What is required :: All records below are to be set down precisely as written, excluding pictures.

:: Extracted material

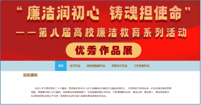 全国第八届高校廉洁教育系列活动主题为“廉洁润初心、铸魂担使命”,由教育部思想政治工作司主办,教育部宣传教育中心承办,中国老员工在线、高校思想政治工作创新发展中心、新华网等协办。活动结合高校实际,围绕推动党员领导干部廉洁从政、教师廉洁育人、员工廉洁养成,分知识问答、作品征集和案例展示三个单元。在案例展示单元,全国共有100个案例作品入选。
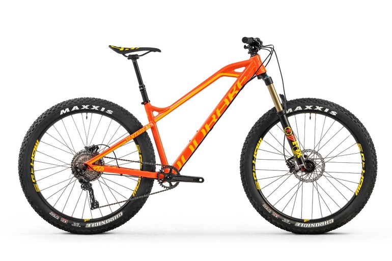 La prima 27,5 Plus “ufficiale”. Raffinato il telaio: al triangolo anteriore in fibra di carbonio abbina un carro posteriore in alluminio. La forcella è una Manitou Magnum con escursione di 120 mm, mentre l’ammortizzatore appartiene alla serie McLeod – sempre by Manitou – con travel di 95 mm. Montata con un gruppo misto Shimano XT/SLX, può contare su di una guarnitura 38/24 abbinata e una cassetta pignoni 11/36. Ruote WTB con cerchi della serie Scraper i45 e pneumatici Trailblazer caratterizzati, rispettivamente, dal canale di 45 mm e dalla sezione da 2,8 pollici. Freni idraulici Shimano M506 con dischi da 180 mm di diametro. Pesa 13,8 kg e costa 4.899 euro.Salsa Pony Rustler
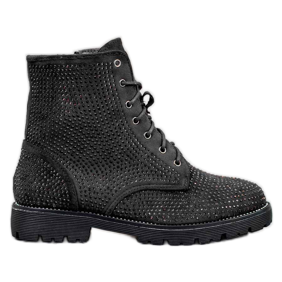 Cizmele sunt echipate cu șireturi practice și fermoar lateral, ceea ce le face ușor de pus și scos. În plus, cristalele delicate care decorează partea superioară atrag atenția și adaugă un pic de strălucire întregului, făcându-le o alegere excelentă pentru diferite ocazii.
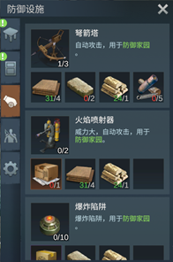 当玩家拥有足够的设施建造材料时,点击建造模式标签页中指定的设施可进行建造。
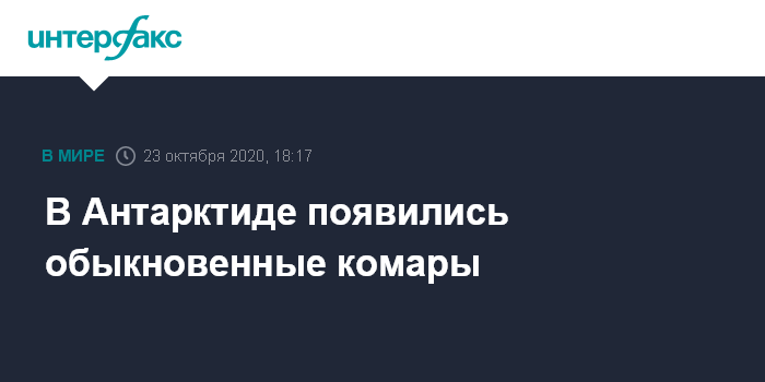 Москва. 23 октября. INTERFAX.RU - Комары появились на популярной у туристов территории Антарктиды - острове Кинг-Джордж, сообщил в интервью "Интерфаксу" начальник Российской антарктической экспедиции Александр Клепиков.
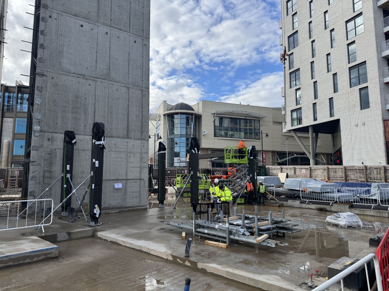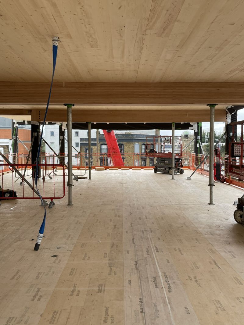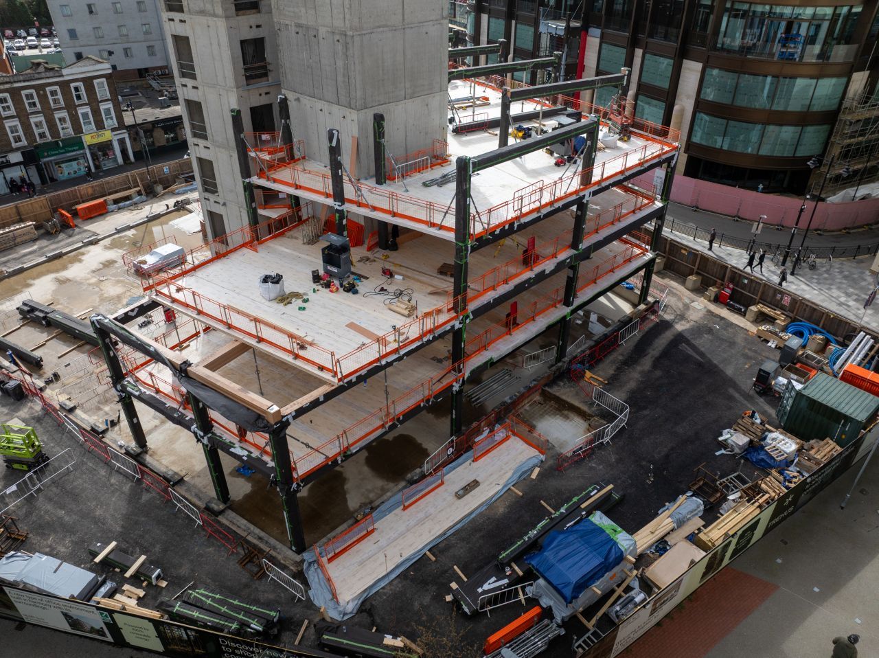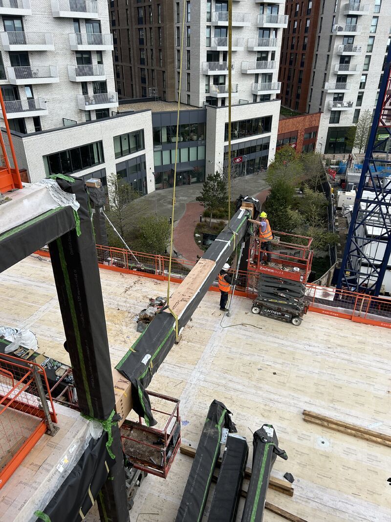 Im englischen Maidenhead - 20 km westlich von London-Heathrow - wurde vor gut einer Woche mit der Signierung des letzten Holzträgers der Abschluss der Montage des Holztragwerks eines sechsgeschossigen Gewerbebaus gefeiert. Der britische Developer HUB (hubLiving) und die norwegische Fondsgesellschaft Smedvig Capital investieren in zentraler Lage am Bahnhof der Stadt (60.000 Einwohner) in ein Vorzeigeprojekt mit rund 6.000 m² Büro- und Einzelhandelsflächen mit hohem Anspruch an die Gebäudenachhaltigkeit (ESG-Kriterien) und vergleichsweise kleinem CO2-Fußabdruck.

::::

Worked solution ::
 全国第八届高校廉洁教育系列活动主题为“廉洁润初心、铸魂担使命”,由教育部思想政治工作司主办,教育部宣传教育中心承办,中国老员工在线、高校思想政治工作创新发展中心、新华网等协办。活动结合高校实际,围绕推动党员领导干部廉洁从政、教师廉洁育人、员工廉洁养成,分知识问答、作品征集和案例展示三个单元。在案例展示单元,全国共有100个案例作品入选。
 La prima 27,5 Plus “ufficiale”. Raffinato il telaio: al triangolo anteriore in fibra di carbonio abbina un carro posteriore in alluminio. La forcella è una Manitou Magnum con escursione di 120 mm, mentre l’ammortizzatore appartiene alla serie McLeod – sempre by Manitou – con travel di 95 mm. Montata con un gruppo misto Shimano XT/SLX, può contare su di una guarnitura 38/24 abbinata e una cassetta pignoni 11/36. Ruote WTB con cerchi della serie Scraper i45 e pneumatici Trailblazer caratterizzati, rispettivamente, dal canale di 45 mm e dalla sezione da 2,8 pollici. Freni idraulici Shimano M506 con dischi da 180 mm di diametro. Pesa 13,8 kg e costa 4.899 euro.Salsa Pony Rustler
 Cizmele sunt echipate cu șireturi practice și fermoar lateral, ceea ce le face ușor de pus și scos. În plus, cristalele delicate care decorează partea superioară atrag atenția și adaugă un pic de strălucire întregului, făcându-le o alegere excelentă pentru diferite ocazii.
 当玩家拥有足够的设施建造材料时,点击建造模式标签页中指定的设施可进行建造。
 Москва. 23 октября. INTERFAX.RU - Комары появились на популярной у туристов территории Антарктиды - острове Кинг-Джордж, сообщил в интервью "Интерфаксу" начальник Российской антарктической экспедиции Александр Клепиков.
 Im englischen Maidenhead - 20 km westlich von London-Heathrow - wurde vor gut einer Woche mit der Signierung des letzten Holzträgers der Abschluss der Montage des Holztragwerks eines sechsgeschossigen Gewerbebaus gefeiert. Der britische Developer HUB (hubLiving) und die norwegische Fondsgesellschaft Smedvig Capital investieren in zentraler Lage am Bahnhof der Stadt (60.000 Einwohner) in ein Vorzeigeprojekt mit rund 6.000 m² Büro- und Einzelhandelsflächen mit hohem Anspruch an die Gebäudenachhaltigkeit (ESG-Kriterien) und vergleichsweise kleinem CO2-Fußabdruck.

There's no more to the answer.